小さな技術の世界経済に与える潜在的な影響は巨大である
  1. 量子変化:量子力学の法則が支配するナノスケールの世界では、通常の物質は、もっと大きなサイズでは決して示さないような極端に高い強度、色の変化、化学的反応性の増大、あるいは電気伝導度などの新たな特性を示すことがありうる。新しく設計される物質は、産業製造者やその可能性のある人々が従来の製品市場をひっくり返すために多くの原材料の中から選択されることを意味する。
  2. 量的変化:ナノテクは”ボトムアップ”製造を可能にする。原子と分子は、トウモロコシから車、マンションに至るまで全てのものの基本構成要素である。トップダウンのプロセスではなくボトムアップで築くナノテクを採用することで、必要とする原材料の量は著しく減少する。(訳注:製造過程の原材料のロスがない)
  3. 品質変化:ボトムアップ構築とともにナノスケールにおける生体及び非生体の融合は、地理的場所、原材料、さらには労働者をも無関係にする産業における製造の新たな基盤作り出すことをを意味する。

ナノの波は発展途上国に何をもたらすか?
 うねりを起こす:”ナノ”はかつてない最も高く最も幅の広い波のうねりのように姿を現した。その大波は息をのむような社会的な影響を特に発展途上国に与える。ナノテクで新しく設計される物質は、商業製品の市場をひっくり返し、新たな技能や異なる原材料の突然の要求に対応する経済的柔軟性を持たない貧者や脆弱な労働者の商売や生計を崩壊する。

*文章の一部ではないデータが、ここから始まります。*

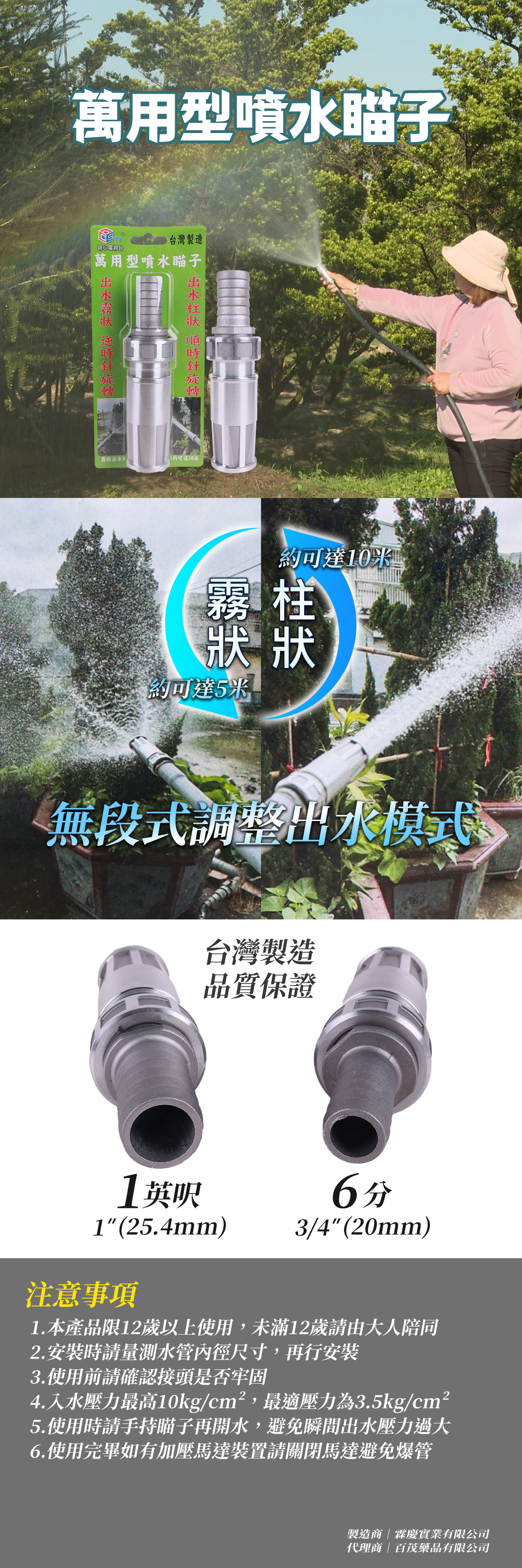 .園藝澆水灌溉、髒污清洗、消防滅火,出水量大 .搭配加壓馬達效果更加 .出水方式為柱狀、霧狀,多功能使用 .可用地下水、自來水或經過濾無雜質之水源 .產品為台灣工廠直營製造,品質耐用 .材質為鋁合金成型製造 .管尾可用一般水管或用自來水管插入,多功能安裝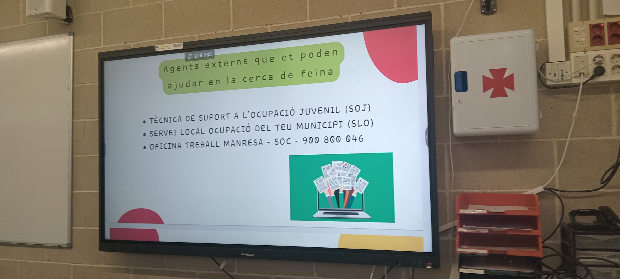 En aquesta sessió ens va explicar els diferents portals d’ocupació (InfoJobs, Xaloc, Divendres.com) i els serveis d’ocupació disponibles: el Servei Català d’Ocupació (SOC) i el Servei Local d’Ocupació (SLO).

 産業分析のラックス・リサーチ社による2004年の報告書は、”最終的に全ての産業における市場占有、サプライチェーン、及び雇用を置き換える”とするナノテクの可能性をハイライトしている。もし、新たなナノ人工物質が従来の物質を性能において凌駕し、かつ低価格で製造することができるなら、我々はナノ物質が従来の商品を置き換えると予想することができる。例えば、アメリカ航空宇宙局(NASA)は、従来の銅ワイヤーに替えてカーボン・ナノチューブでできた”量子ワイヤー”を開発するために1,100万ドル(約12億円)を投資している(3)。どの商品又は労働者が、またどのくらい速く、影響を受けるのか、確信をもって描き出すことは時機早尚であるが、農業と天然資源の輸出に最も依存している国々が最も大きな混乱に直面するであろう。

 ”イギリスの産業革命が手動紡績と手動機織を廃業に追い込んだように、ナノ技術は多くの数十億ドル(数千億円)企業と産業を崩壊させるであろう。”(ラックス・リサーチ社ナノテク報告書2004年)

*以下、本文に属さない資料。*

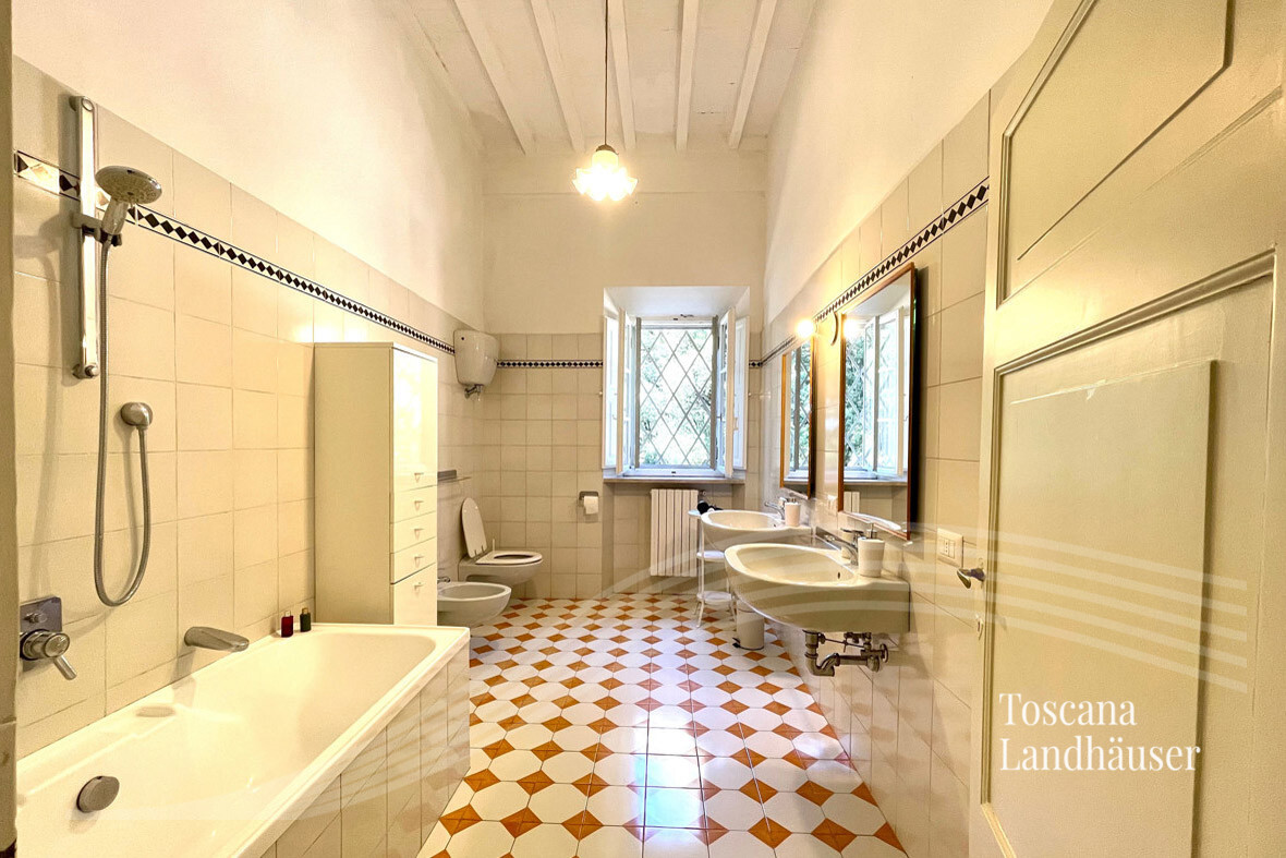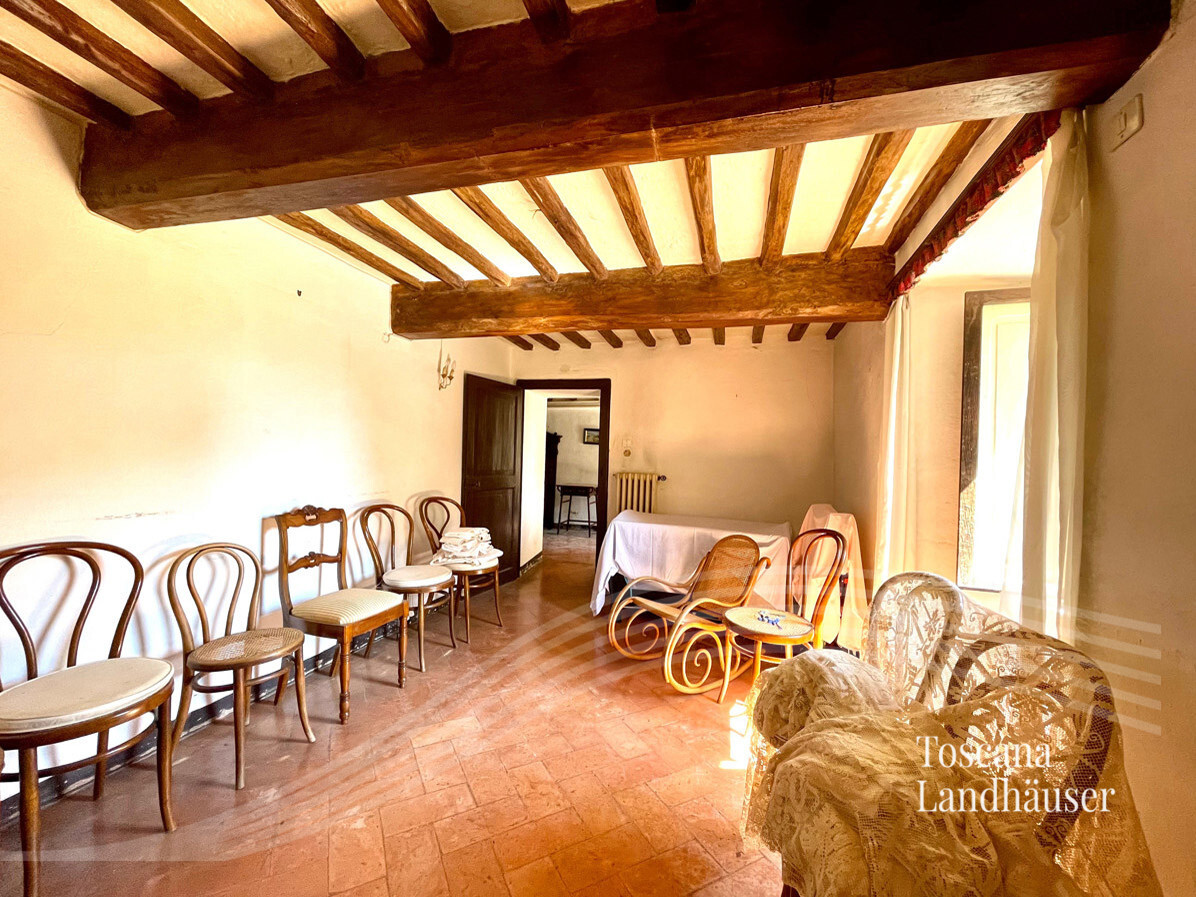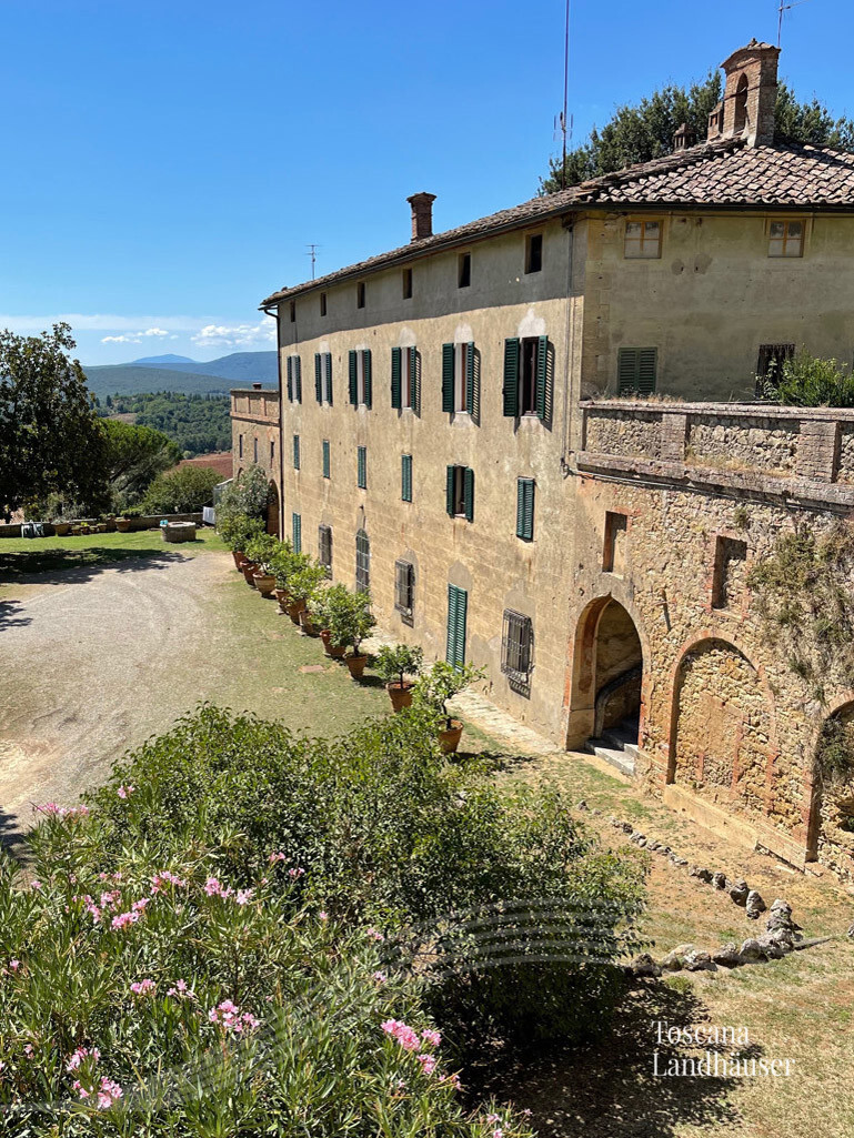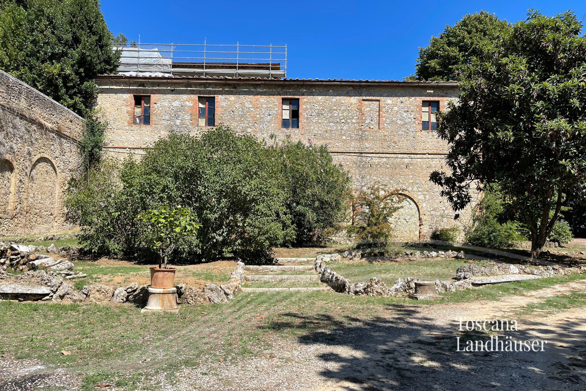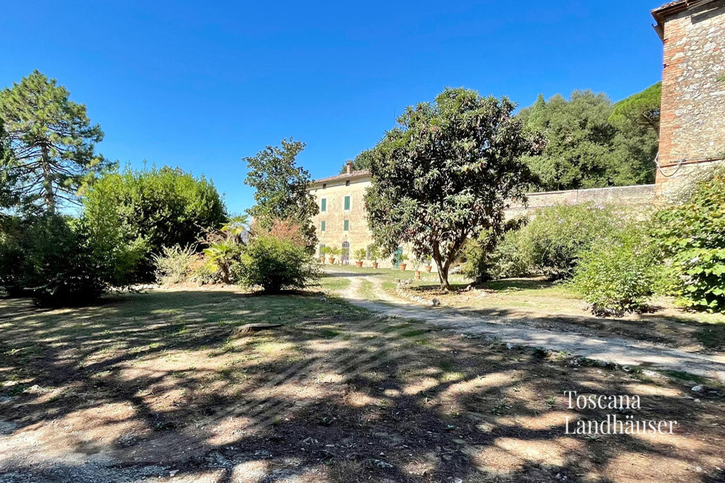 Nahe zum Stadtzentrum von Siena befindet sich dieses traumhafte Anwesen in Hügellage eingeb ettet ins Grüne, bestehend aus einer großen Villa, einem ehemaligen Kornspeicher mit Cantina, Pferdestallungen, sowie einer Manege und einem Parcours für Pferde. Das gesamte Anwesen ist von insgesamt ca. 40 ha Land umgeben. In direkter Nachbarschaft befindet sich ein Gebäude was für Eigentumswohnungen ausgebaut wird.

 ナノテクは、豊富な物質、持続可能な開発、そして利益をもって経済的及び文化的ユートピアをもたらすとある人々は予測する。しかし技術の波の歴史は、新たな重要な技術は少なくとも初期においては社会から取り残された人々を動揺させるが、一方、金持ちは波を期待し、操作し、波頭にうまく乗ることを示している。彼らは波に乗リ続ける経済的柔軟性を持っているが、既にもがいている人々は古めかしい経済とともに洗い流される。

ゴムを例にとる:産業は自動車のタイヤを強化し寿命を伸ばすためにナノ粒子を設計しており、天然ゴムの代替となるであろう新たな物質を作り出している。天然ゴムの需要は急降下し、数百万の零細なゴム樹液採取者とタイ、インド、マレーシア、そしてインドネシアの国家経済に甚大な影響をもたらすであろう。重要な点は、現状が保たれるべきであるということではなく、社会が準備できていないということである。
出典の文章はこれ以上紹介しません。